Adam Smith - The Wealth of Nations (1776)
100 Best Scottish Books of all Time
Margaret Thatcher, it is said, used to carry a copy of The Wealth of Nations in her handbag. It's an apocryphal story but highlights the fact that the deregulation of the 1980s was often undertaken in Adam Smith's name. Yet reading it today, 229 years after it was published, the most striking feature of the book – after its crystal-clear discursive style and moments of dry wit – is the fact that Smith's major work creates a system by which capitalist society can be examined as much as providing a clear hypothesis on the nature of the society itself. The ostensible task of the book, divided into five parts, is to explain why some nations are rich and some aren't but in doing so, Smith has to first create a whole new grammar of political economy.
Among many other things, Smith posits his hugely influential theory of value, describing wages and profit not as rewards but as compensation for the trouble taken in producing or financing a risky strategy. His historically specific remarks, on the other hand, are overlooked. He describes the British defence of the American colonies as pointless and attacks the self-interest of the land-owning classes. The Wealth of Nations is debated by every generation of economists because it provides a systematic examination of the economic cycle as a whole.

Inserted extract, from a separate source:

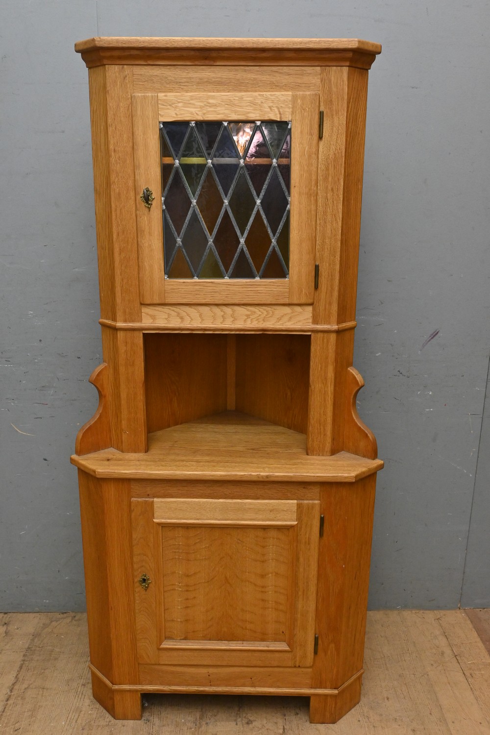 A DANISH OAK CORNER CABINET WITH GLAZED PANELS (A/F) (KEY IN OFFICE) ( 165H X 76W X 50D CM) (LEONARD JOEL DELIVERY SIZE: X-LARGE)

Yet post-Thatcherite commentators such as Andrew Skinner have criticised previous generations for divorcing Smith's economic system from his moral philosophy. Indeed this approach gets closer to the fundamental dilemma at the heart of Smith's work and of capitalist society in general: how can we be protected from being corrupted by the special interests that are an integral part of our political economy? After The Wealth of Nations Smith attempted to answer this question with a history of jurisprudence but he burned the incomplete work just before he died.